We introduce here the elementary concepts of computer science and complexity theory which will be useful in understanding the material of the other appendices. This appendix is primarily intended for those readers who do not have a background in computer science. Its main aim is that of presenting basic notions about computational problems, the axiomatic definition of algorithms, the standard methods to represent algorithms, the concept of time complexity and a few useful tools to estimate the time complexity of simple algorithms. Whenever possible, the discussion has been intentionally left informal and all the unnecessary technicalities have been discarded, in order to allow the reader to focus on the essential concepts without being distracted by definitions and theorems. For a more formal treatment of the material presented in this appendix we encourage the interested reader to refer to any classical book on algorithms, such as the trilogy by Donald Ervin Knuth [181, 182, 183] or in Complexity Theory [250].
What Is a “Problem”?
Formally, a problem P is a pair (D,Q) of an abstract description D and a question Q requiring an answer.
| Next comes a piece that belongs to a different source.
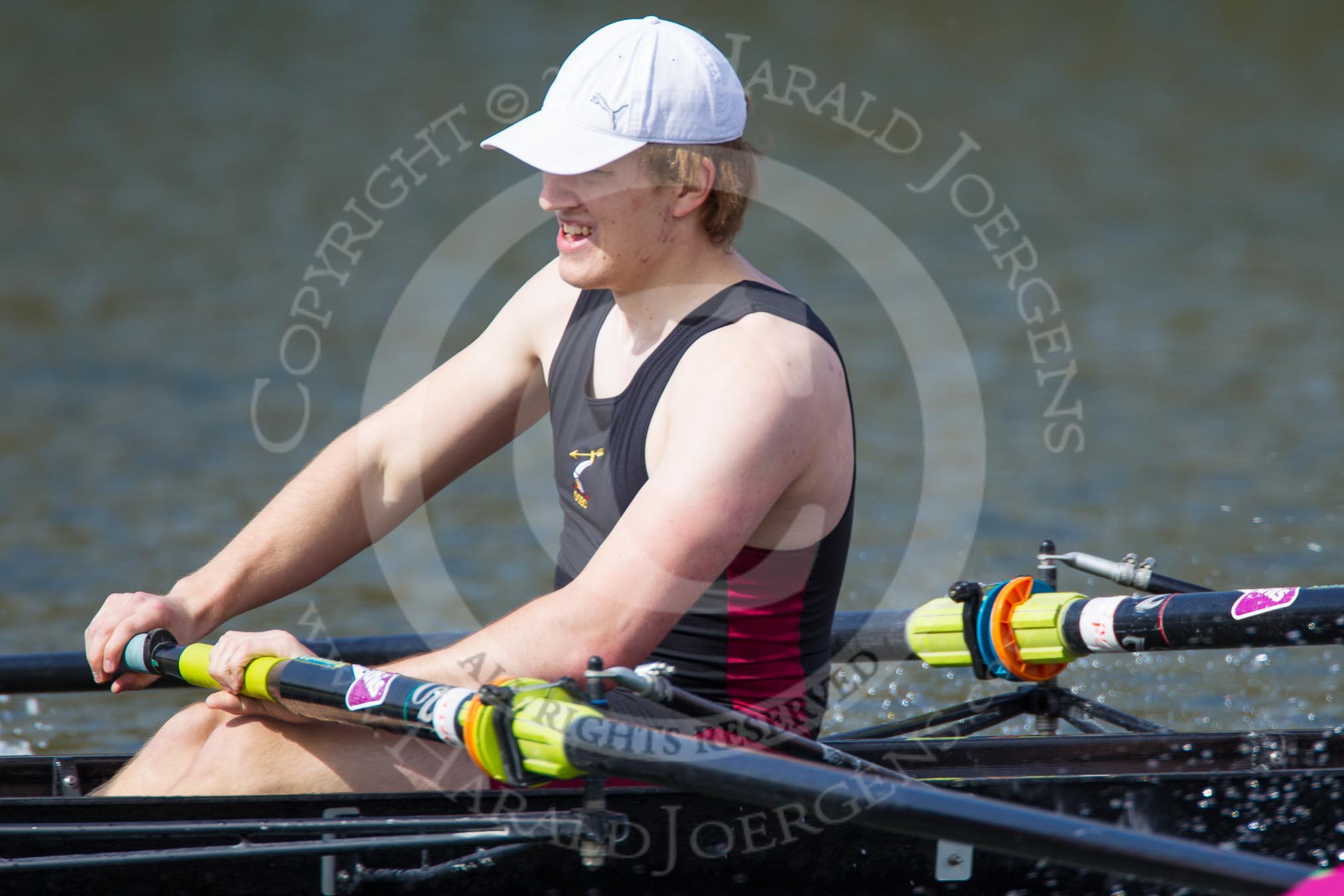 The Women's Boat Race and Henley Boat Races 2014: The Intercollegiate men's race. In the Downing College (Cambridge) boat in the 2 seat Thomas Nickols.. River Thames, Henley-on-Thames, Buckinghamshire, United Kingdom, on 30 March 2014 at 13:52, image #95

A simple example of a problem in graph theory is the Graph Connectivity Problem: “Given a graph G(N,L) where N denotes a set of vertices and L is the set of edges among vertices in N, is the graph G connected?” In this example, the description provides the context of the problem, which is usually represented as a class of objects (a generic graph G(N,L)), while the question to be answered (“is G connected?”) is a precise enquiry about a specific property of the class of objects under consideration.
The definition above is quite general and is given for an entire class of objects, without any specific connection to a particular object of that class. Conversely, an instance of a problem includes a full specification of one particular object of a class, which we indicate as x, and the solution P(x) is the answer to the question Q for the specific object x under consideration.